----- Material provided -----

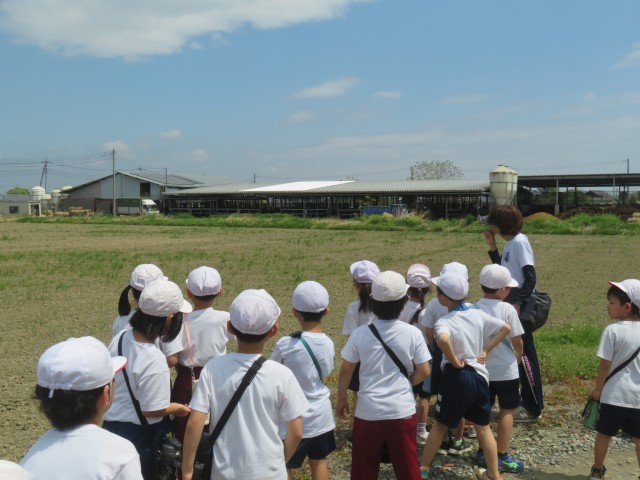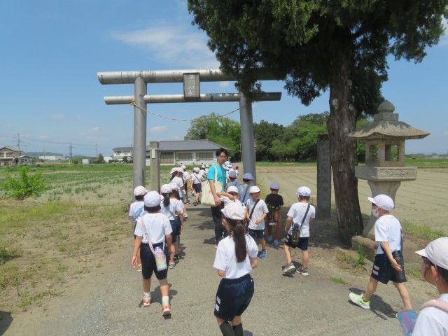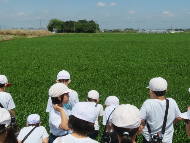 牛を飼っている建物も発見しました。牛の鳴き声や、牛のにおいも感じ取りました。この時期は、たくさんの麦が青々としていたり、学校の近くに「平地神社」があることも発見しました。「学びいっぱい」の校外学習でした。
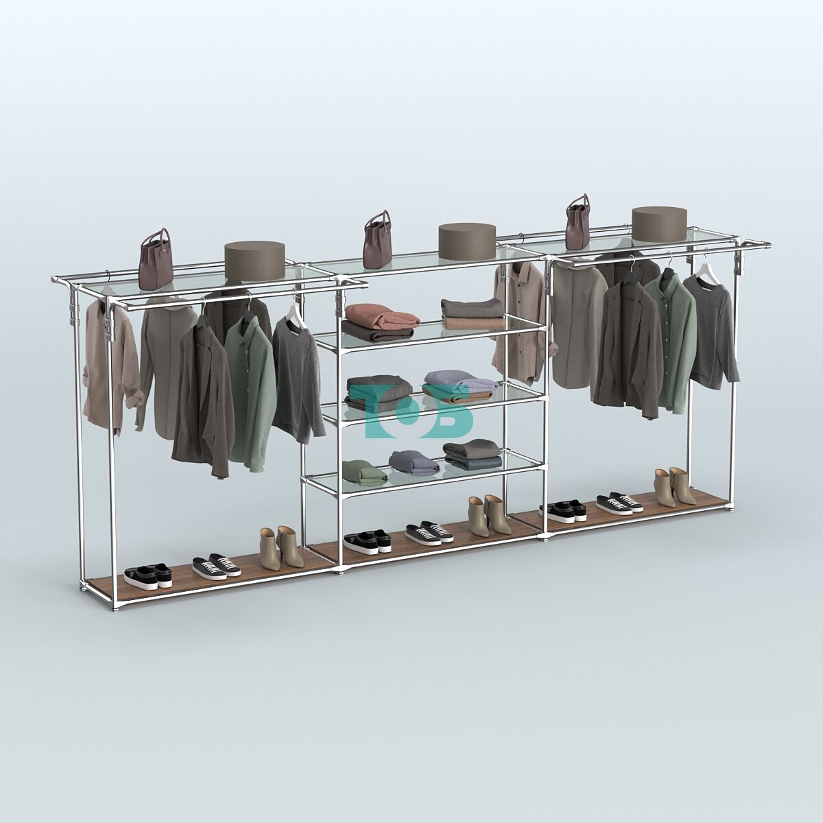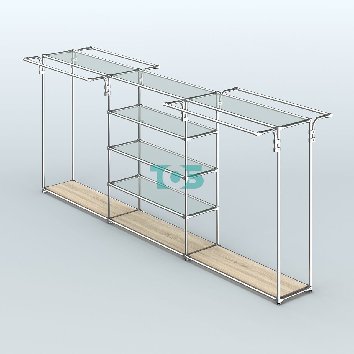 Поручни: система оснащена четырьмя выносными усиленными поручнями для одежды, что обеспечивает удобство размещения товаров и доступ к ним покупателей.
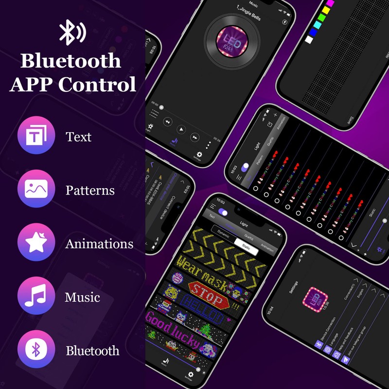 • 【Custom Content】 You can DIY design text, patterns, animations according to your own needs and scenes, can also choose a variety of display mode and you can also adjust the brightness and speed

-----
----- Material provided -----

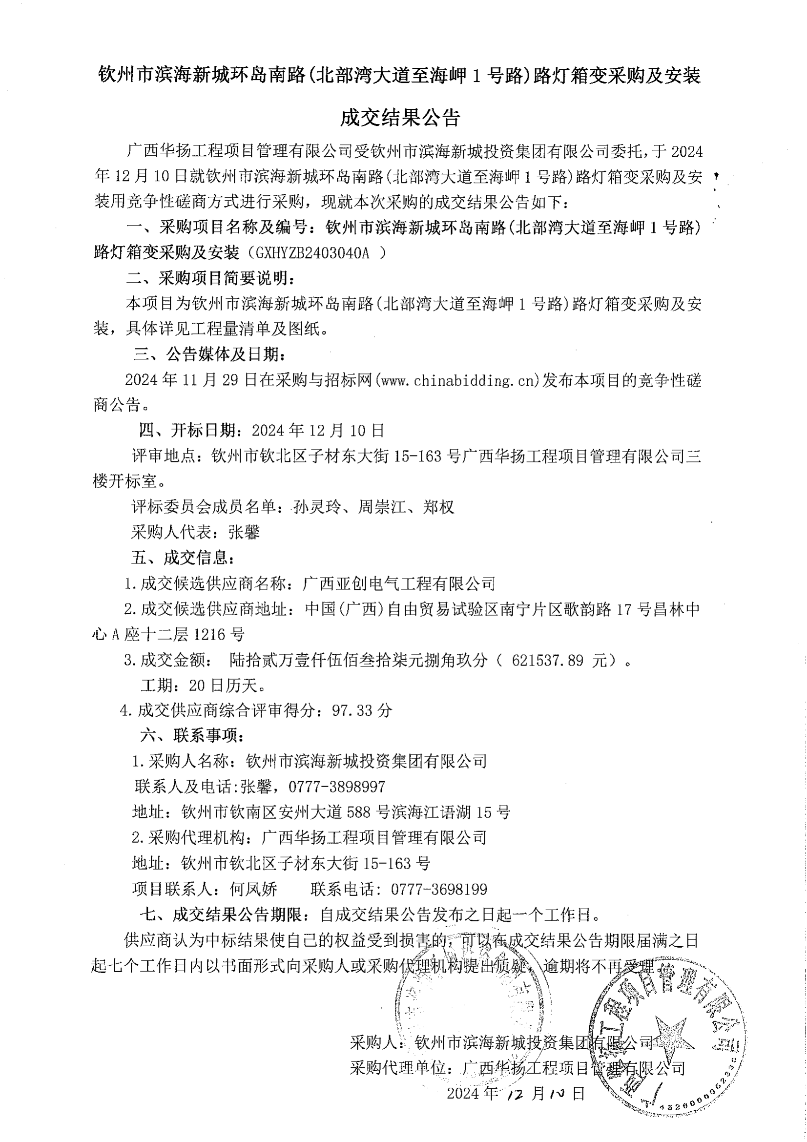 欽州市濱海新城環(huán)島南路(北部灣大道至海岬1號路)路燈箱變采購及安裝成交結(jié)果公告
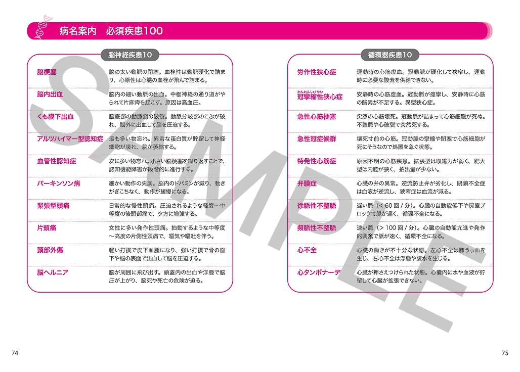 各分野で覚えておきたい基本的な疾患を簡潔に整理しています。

-----

Work required
Go back to the listing above and write out the lines starting at the one with "牛を飼っている建物も発見しま" and ending at the one with "brightness and speed", inclusive, exactly and without pictures.

Answer space
 牛を飼っている建物も発見しました。牛の鳴き声や、牛のにおいも感じ取りました。この時期は、たくさんの麦が青々としていたり、学校の近くに「平地神社」があることも発見しました。「学びいっぱい」の校外学習でした。
 Поручни: система оснащена четырьмя выносными усиленными поручнями для одежды, что обеспечивает удобство размещения товаров и доступ к ним покупателей.
 • 【Custom Content】 You can DIY design text, patterns, animations according to your own needs and scenes, can also choose a variety of display mode and you can also adjust the brightness and speed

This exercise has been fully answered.